Wikipedia says (emphasis mine):
The Central Limit Theorem states "that, in some situations, when independent random variables are added, their properly normalized sum tends toward a normal distribution even if the original variables themselves are not normally distributed. The theorem is a key concept in probability theory because it implies that probabilistic and statistical methods that work for normal distributions can be applicable to many problems involving other types of distributions.
Now the CLT says something about the sum of independent random variables:
$$ X = X_1 + X_2 + \dots X_n $$
where $X_i$ is the $i$th draw of a random variable. But the statistical models I am familiar with do not model the sum of random variables; they model the random variable directly.

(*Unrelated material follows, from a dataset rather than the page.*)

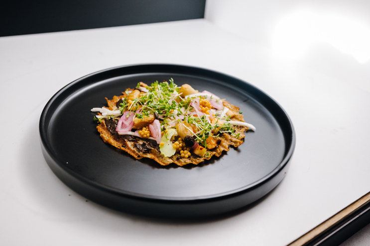 Pflanzenbasierte Klassiker neu gedacht (Sterneküche) Das vegetarische Sternerestaurant Bonvivant (Berlin) arbeitet mit Eggs from Plants – in den USA bekannt als JustEgg, einem der international führenden Anbieter für pflanzenbasiertes Ei auf Mungbohnenbasis.
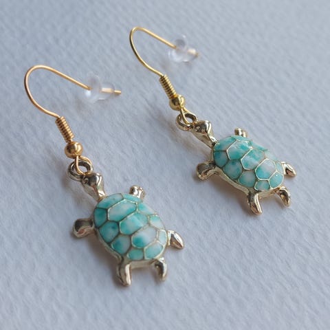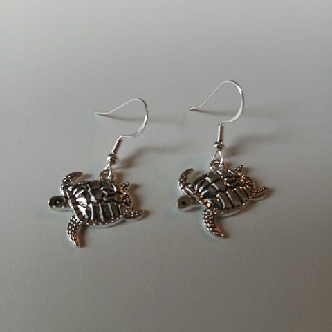 Myynnissä käyttämättömät kilpikonna korvakorut. Korvakorut on hopeoitu.

For example, factor analysis models a random variable $\textbf{x}$ as
$$ \textbf{x} \sim \mathcal{N}(\textbf{0}, \Lambda \Lambda^{\top} + \Psi) $$
(It does not matter what $\Lambda$ and $\Psi$ are; only that $\textbf{x}$ is modeled as Gaussian.) And this modeling assumption is justified using the CLT (see A Unifying Review of Linear Gaussian Models, footnote on page 2). But aren't we modeling $\textbf{x}$, not the sum of $\textbf{x}$?
In summary: How does the CLT justify statistical models which are not modeling our data as a sum of random variables?